2014 Results of the Biennial Georgia Manufacturing Survey Conducted by GaMEP
Wednesday, September 24th, 2014
The 2014 results of the biennial Georgia Manufacturing Survey conducted by GaMEP was released today. Data was gathered from February through June from 504 Georgia manufacturers with 10 or more employees. Participants were categorized into industry groups: Food and textiles (food and beverage, animal feed, apparel and leather); Material (wood, pulp and paper, plastics and non-metallic minerals); Machinery and fabricated metals; Electronics and transportation; Science (petro-chemicals, pharmaceuticals and medical). To reflect an accurate representation of Georgia’s manufacturing sector, results were weighted by industry and employment size. Data summarize manufacturer activities for the 2011-2013 period.
Manufacturers ranked their market competition strategies. Though only 6 percent report competing based on innovation, those who do enjoy the highest mean return (10 percent higher) on sales than those using any other strategy to compete in the marketplace. Most Georgia manufacturers (57 percent) focus on differentiating their product from the competitor’s based on quality of service. Quick delivery, a strategy prioritized by 14 percent of respondents, resulted in the lowest returns. Manufacturers focusing on low price (14 percent) nearly doubled their sales.

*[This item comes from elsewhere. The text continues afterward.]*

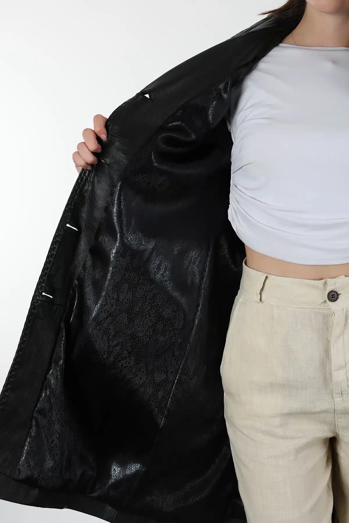 Zig Siyah Uzun Kadın Hakiki Deri Ceket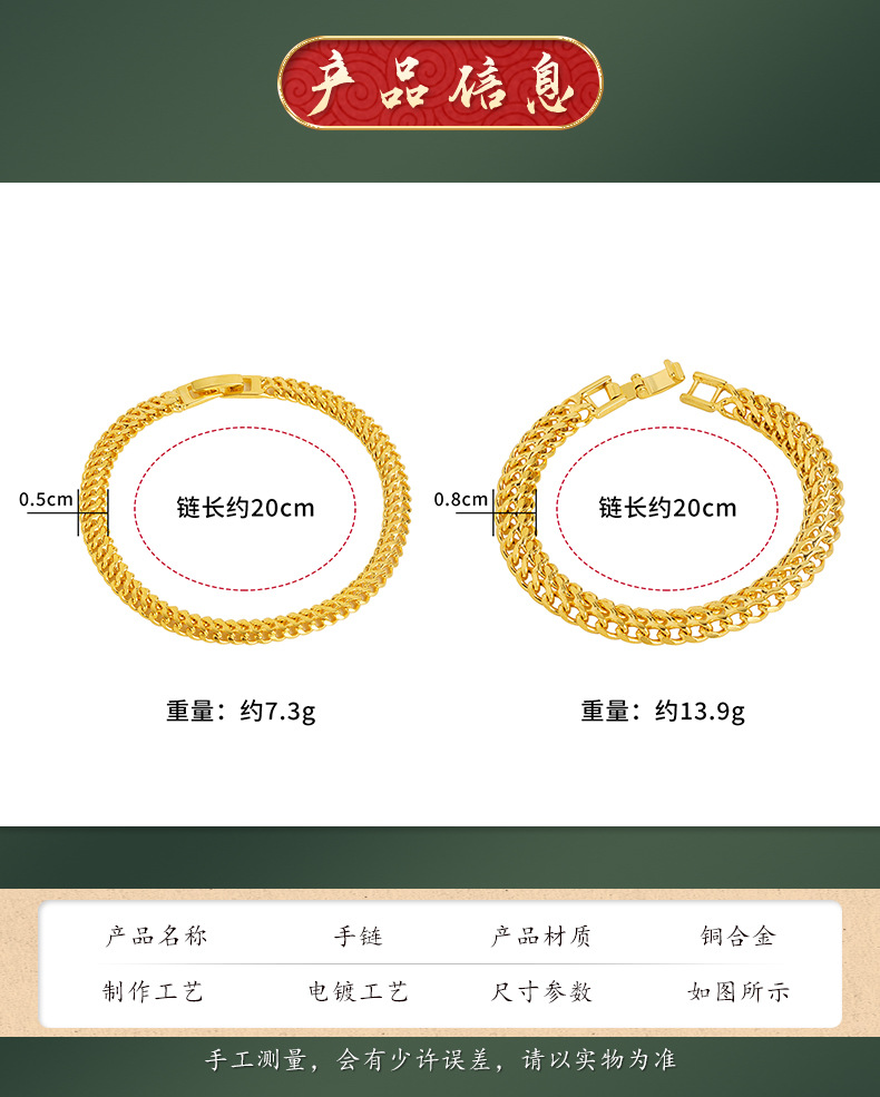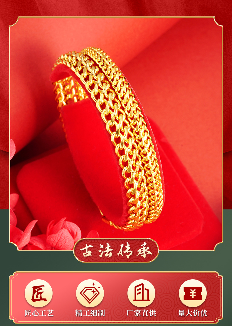 Vietnam arena oro quilla pulsera imitación oro hombres y mujeres dominante cadena pulsera hebilla suministro de fábrica todo-fósforo estilo chino

Data argue for profitability and employee retention via innovation. Larger plants (250 employees or more) tend to set low price as their primary strategy, while smaller firms (less than 50 employees) tend to compete on innovation. New-to-the-market sales, an indicator of future competitiveness, for companies competing on low price declined from 2012 to 2014. For companies competing on innovation, new-to-market-sales at the 2014 survey date were higher than for those competing on price. Innovating companies also report paying higher wages, $5,000 higher than wages paid by companies competing on low price or fast delivery of product. Of companies with new-to-market-sales, 55 percent report that at least 5 percent of their total sales are attributed to these goods or services.
Though most manufacturers, regardless of industry category, ground competition efforts in quality and price points, science-based manufacturers indicated they are least likely to compete on low price. The transportation and electronics sector has the highest percentage of manufacturers competing on innovation. Still, 48 percent of those surveyed reported bringing at least one new or improved product to market during 2011-2013.
In the area of research and development (R&D), Georgia manufacturer expenditures fall below the national average overall. The industry categories of food and textiles, material, machinery and fabricated metal, and science had higher R&D intensity levels than the U.S. benchmark. Transportation and electronics had R&D intensity levels below the U.S. benchmark.
Only 16 percent of the manufacturers surveyed report taking advantage of R&D tax credits, though 27 percent implemented in-house R&D. Significant underutilization of R&D resources is pervasive among Georgia manufacturers. Two percent use public loans or grants Two percent received private equity support such as venture capital. Less than 1 percent used the Small Business Innovation Research (SBIR) program.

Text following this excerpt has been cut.